- WHAT NEEDS TO BE DONE: Lines from the one containing "P-position (automatgear). Tågeforlygterne" through the final line of the data, restated word for word and free of pictures, make up the whole answer.
-------- DATASET EXTRACT
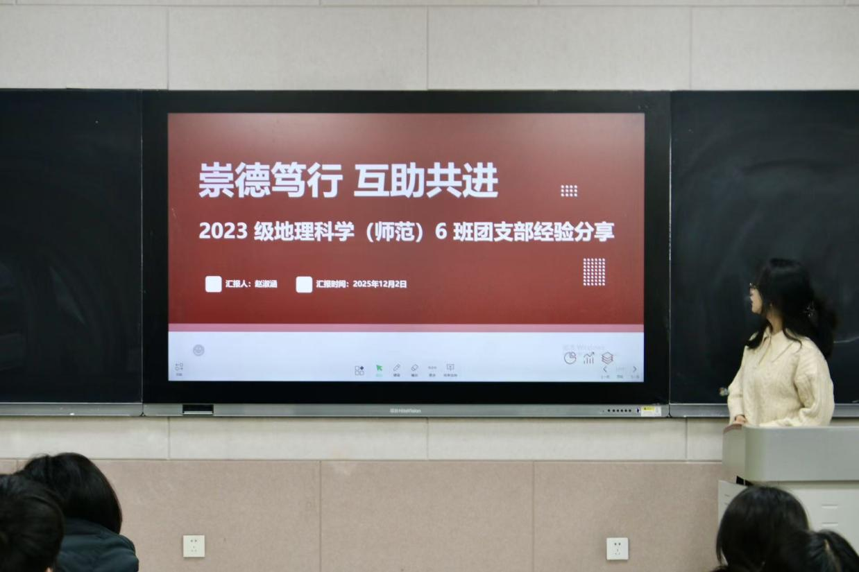 随后,2024—2025学年优秀团支部成员代表、2023级地理科学6班团支部书记赵淑涵分享支部建设经验,为各团支部工作开展提供了优秀的参考范例。她介绍道:自己所在支部以“崇德笃行、互助共进”为核心理念,以思想引领为魂、制度保障为骨、互助共进为脉,通过构建“以赛促学、以活动凝力、以服务铸魂”的良性循环模式,依托学院团委书记全方位指导、班级团干部示范带头、全体成员积极参与的联动机制,推动团支部综合发展提质增效。
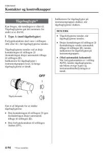 P-position (automatgear). Tågeforlygterne tændes ved at dreje
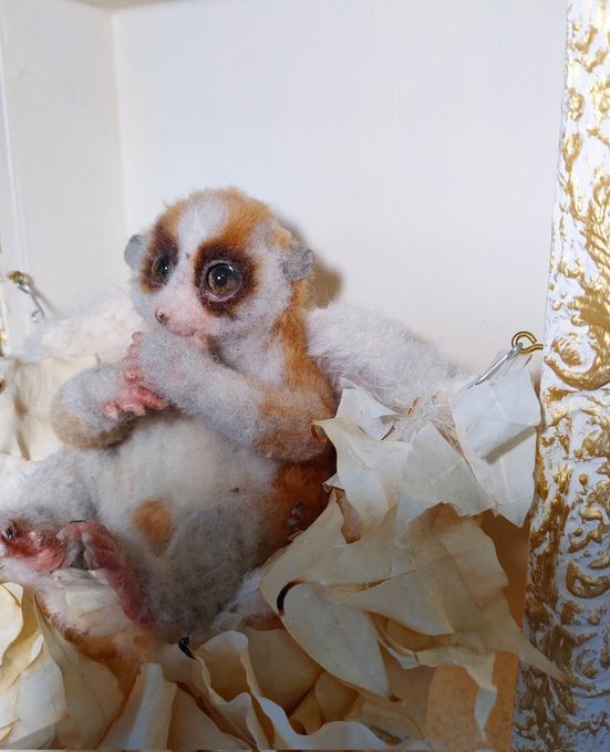 油断しているスローロリスちゃんも📸パチリ✨ #羊毛フェルト
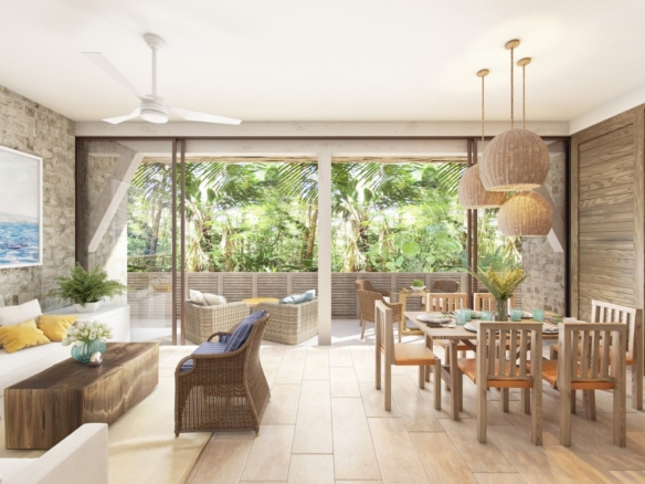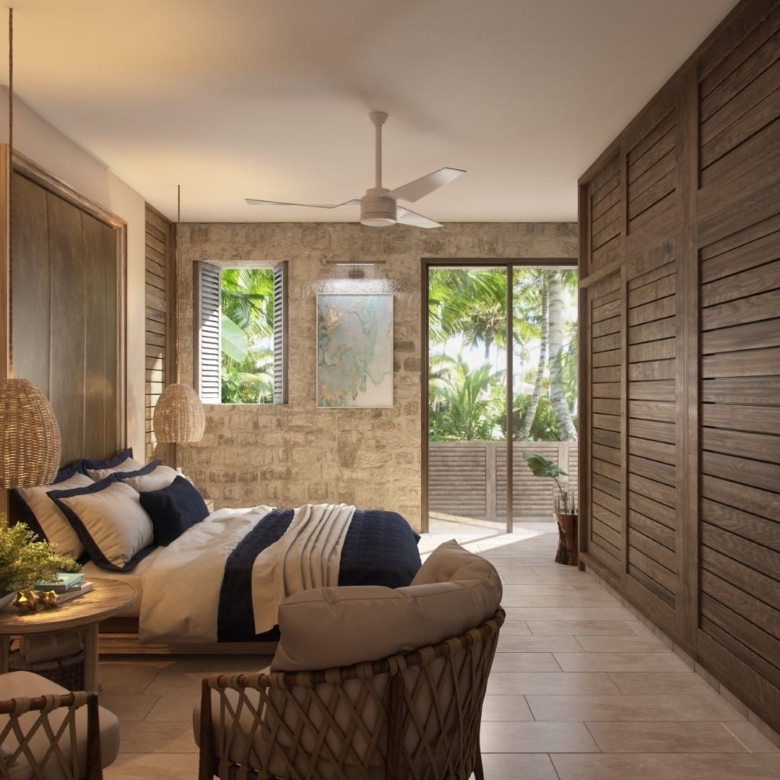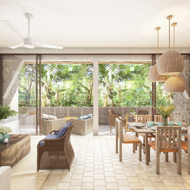 This thoughtfully designed two-bedroom unit features a spacious layout that maximizes indoor-outdoor living. A generous terrace opens to your own private pool, surrounded by native greenery that enhances privacy and tranquility. Floor-to-ceiling windows bring in natural light while framing views of the surrounding jungle.
----------------
- RESPONSE BELOW:
 P-position (automatgear). Tågeforlygterne tændes ved at dreje
 油断しているスローロリスちゃんも📸パチリ✨ #羊毛フェルト
 This thoughtfully designed two-bedroom unit features a spacious layout that maximizes indoor-outdoor living. A generous terrace opens to your own private pool, surrounded by native greenery that enhances privacy and tranquility. Floor-to-ceiling windows bring in natural light while framing views of the surrounding jungle.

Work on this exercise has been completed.